The code cell below demonstrates a basic chat completion request. We provide a simple system message and a user query, then call the `client.inference.chat_completion` method.

If you've worked with other LLM frameworks, you'll find this syntax familiar. Llama Stack aims to provide a consistent interface that makes it easy to integrate different models and components. Execute the cell to see the LLM's response!

In [4]:
response = client.inference.chat_completion(
    model_id=LLAMA_STACK_MODEL,
    messages=[
        {"role": "system", "content": "You're a helpful assistant."},
        {
            "role": "user",
            "content": "What is the top speed of a leopard?",
        },
    ],
    # temperature=0.0, 
)
print(response.completion_message.content)

The top speed of a leopard can vary depending on several factors, such as the individual animal's age, sex, and motivation (e.g., chasing prey or escaping from predators). However, according to various sources, including the National Geographic and the World Wildlife Fund, the average running speed of a leopard is around 40-50 km/h (25-31 mph).

However, some leopards have been clocked at speeds of up to 60 km/h (37 mph) over short distances, such as when chasing prey or escaping from danger. In fact, one study found that a male leopard can reach speeds of up to 70 km/h (43.5 mph) for brief periods.

It's worth noting that leopards are agile and powerful climbers, and they often use their speed and agility to navigate through dense forests and rocky terrain with ease.


### Requesting Structured Data

While free-form text responses are useful for conversational AI, often in applications, we need the LLM to return information in a predictable, structured format. This allows our code to easily parse and use the response programmatically.

Llama Stack supports requesting responses in formats like JSON based on a defined schema. In this step, we will define a simple data model (`AnimalSpeed` using Pydantic) and ask the LLM to return the animal's speed in a JSON structure matching that model.

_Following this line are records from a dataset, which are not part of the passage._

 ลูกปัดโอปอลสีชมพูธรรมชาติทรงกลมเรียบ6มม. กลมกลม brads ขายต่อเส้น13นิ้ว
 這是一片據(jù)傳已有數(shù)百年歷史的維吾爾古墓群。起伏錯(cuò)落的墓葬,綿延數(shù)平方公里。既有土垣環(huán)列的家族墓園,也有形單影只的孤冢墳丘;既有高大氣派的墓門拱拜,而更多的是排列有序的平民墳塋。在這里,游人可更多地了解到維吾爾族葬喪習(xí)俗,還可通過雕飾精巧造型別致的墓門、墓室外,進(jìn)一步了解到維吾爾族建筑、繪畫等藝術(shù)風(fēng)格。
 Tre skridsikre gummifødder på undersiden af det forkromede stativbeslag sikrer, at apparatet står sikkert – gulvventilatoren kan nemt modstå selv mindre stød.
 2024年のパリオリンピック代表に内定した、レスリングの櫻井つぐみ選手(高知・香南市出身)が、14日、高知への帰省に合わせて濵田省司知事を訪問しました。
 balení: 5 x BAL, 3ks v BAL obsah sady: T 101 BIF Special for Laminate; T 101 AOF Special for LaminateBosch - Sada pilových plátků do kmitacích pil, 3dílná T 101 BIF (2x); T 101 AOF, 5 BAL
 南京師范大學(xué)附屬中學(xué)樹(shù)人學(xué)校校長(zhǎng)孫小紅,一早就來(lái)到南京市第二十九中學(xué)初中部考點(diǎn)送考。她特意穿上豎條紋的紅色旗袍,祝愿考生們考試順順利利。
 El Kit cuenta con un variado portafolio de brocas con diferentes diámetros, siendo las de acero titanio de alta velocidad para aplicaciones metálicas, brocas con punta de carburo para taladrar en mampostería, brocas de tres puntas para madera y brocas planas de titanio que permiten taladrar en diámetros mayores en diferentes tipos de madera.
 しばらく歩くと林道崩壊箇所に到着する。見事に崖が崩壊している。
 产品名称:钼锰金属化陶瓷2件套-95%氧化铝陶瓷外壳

This is a powerful technique for building reliable integrations with LLMs. **Execute the code cell** and try modifying the user query with different animals to see how the structured output changes.

In [5]:
from pydantic import BaseModel
import json

class AnimalSpeed(BaseModel):
    speed: int
    animal: str
    metric_type: str

response = client.inference.chat_completion(
    model_id=LLAMA_STACK_MODEL,
    messages=[
        {"role": "system", "content": "You're a helpful assistant."},
        {
            "role": "user",
            "content": "What is the top speed of a leopard?",            
        },
    ],
    stream=False,    
    response_format={
            "type": "json_schema",
            "json_schema": AnimalSpeed.model_json_schema(),
        }
)


try:
    response_data = json.loads(response.completion_message.content)
    animal = AnimalSpeed(**response_data)    
    print("-------")
    print("Speed: ", animal.speed)
    print("Animal: ", animal.animal)
    print("metric_type: ", animal.metric_type)
    print("-------")
except (json.JSONDecodeError, ValueError) as e:
    print(f"Invalid format: {e}")


-------
Speed:  80
Animal:  leopard
metric_type:  km/h
-------


## Module Summary: Llama Stack Inference Basics

Great job completing this introductory module! You've successfully taken your first steps in interacting with the Llama Stack server for basic inference tasks.

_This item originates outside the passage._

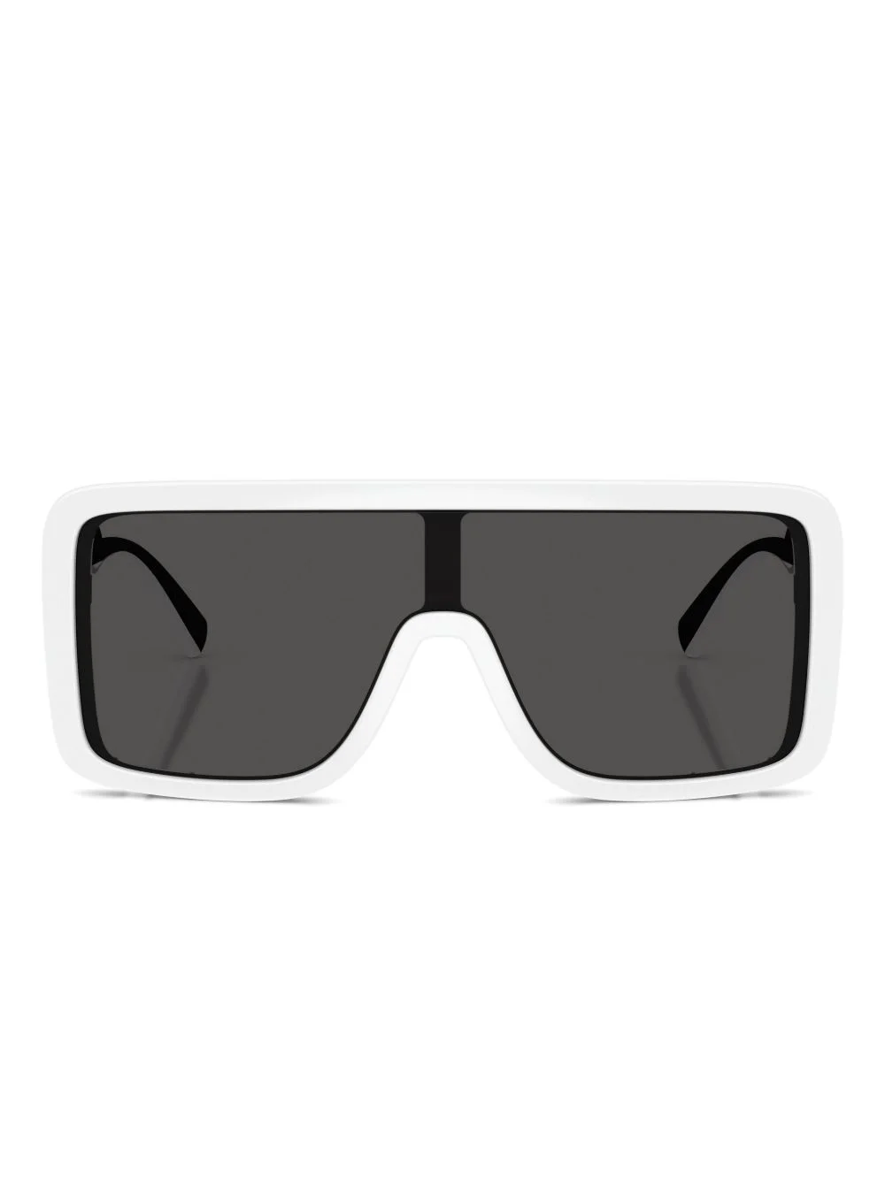 square-frame logo-detail sunglasses Highlights - White - Square frame - Logo detail on arms - Dark grey lenses - Thick frame - These glasses come with a protective case. Made in United States Composition Plastic 100%

In this section, you've learned how to:

* **Establish Connection:** Initialize the `LlamaStackClient` to connect your Python environment to the Llama Stack server.
* **Generate Responses:** Send chat completion requests to the LLM and receive free-form text outputs.
* **Extract Key Data:** Utilize structured data methods to guide the LLM to return information in a parseable format, like JSON.

You now have a fundamental understanding of how to send prompts to an LLM via Llama Stack and process the responses. This forms the bedrock for building more complex applications and agents, which we will explore in the following modules!